What the task requires: Beginning with the line that holds "両側から出入りできる2WAY" and ending with the last line below, please copy every line exactly, add nothing, and leave out the pictures.
(Material shown Opens)
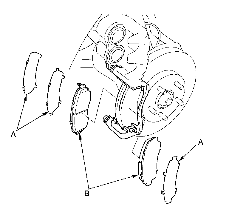 7. Remove the pad shims (A) and the brake pads (B).
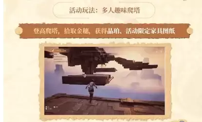 喜欢挑战的玩家,可以直奔【登云拾穗】。这个活动需要组队爬塔,在过程中收集“金穗”,最终的回报是晶珀和限定家具图纸,非常适合喜欢PVE协作的玩家。
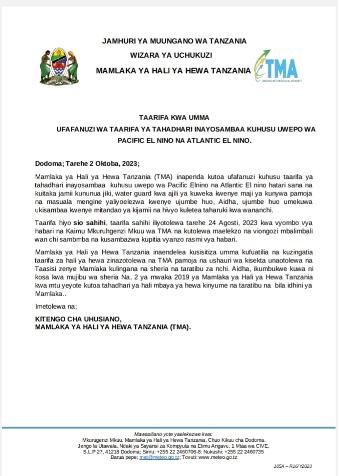 on TMA yatoa ufafanuzi uwepo wa Pacific El Nino na Atlantic El Nino
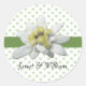 Lovely wedding envelope seal done in a white and green polka dot, with graphics of a white edelweiss bloom, on a green band, across the middle. Black text is ready to personalise with the bride and groom's name. Lovely finishing touch to our Edelweiss and Polka Dot Wedding set.
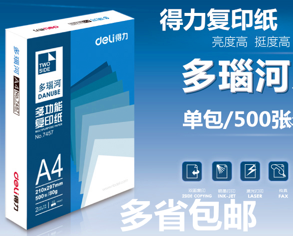 得力(deli) 7441 多瑙河复印纸 A4/70g/5包/箱 (单位:箱)
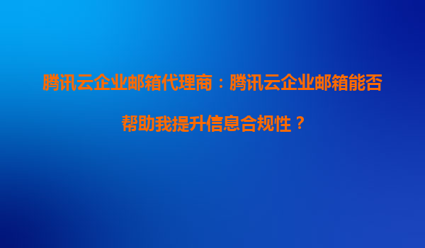 腾讯云企业邮箱如何助力企业提升信息合规性 一、企业信息合规性的重要性 在数字化时代,企业数据安全与合规性已成为核心管理议题。无论是《网络安全法》《数据安全法》还是行业特定规范,均对企业信息存储...
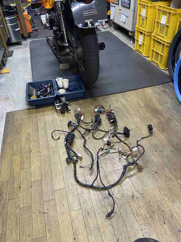 今回交換する主な電装品はこちら。メインハーネスはZ750FX1用を使います。
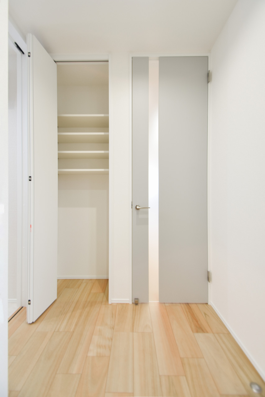 両側から出入りできる2WAY仕様の食品庫。食品や日用品のストックや調理器具の保管に重宝します。
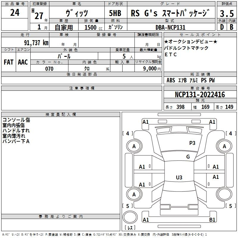 Toyota Vitz, 2015 года - Лот№24 ★3.5
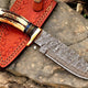 Experience superior craftsmanship with this custom handmade hunting knife designed for durability and performance. Featuring a Damascus steel blade, this knife offers exceptional sharpness and edge retention. The 9.5-inch overall length provides a perfect balance, while the 5.5-inch blade ensures precision cutting in the wild. The handle, crafted from antler horn and exotic wood, delivers a comfortable grip, complemented by a brass guard for added safety. Comes with a premium leather sheath for secure carry.
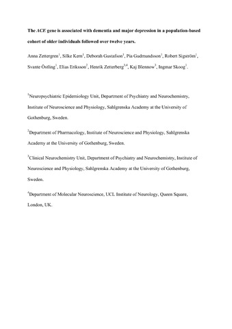 Zetterberg_the ACE gene_dementia_depression.pdf - Accepted Version Download (170kB) | Preview |
(Material shown Closes)
Response area:
 両側から出入りできる2WAY仕様の食品庫。食品や日用品のストックや調理器具の保管に重宝します。
 Toyota Vitz, 2015 года - Лот№24 ★3.5
 Experience superior craftsmanship with this custom handmade hunting knife designed for durability and performance. Featuring a Damascus steel blade, this knife offers exceptional sharpness and edge retention. The 9.5-inch overall length provides a perfect balance, while the 5.5-inch blade ensures precision cutting in the wild. The handle, crafted from antler horn and exotic wood, delivers a comfortable grip, complemented by a brass guard for added safety. Comes with a premium leather sheath for secure carry.
 Zetterberg_the ACE gene_dementia_depression.pdf - Accepted Version Download (170kB) | Preview |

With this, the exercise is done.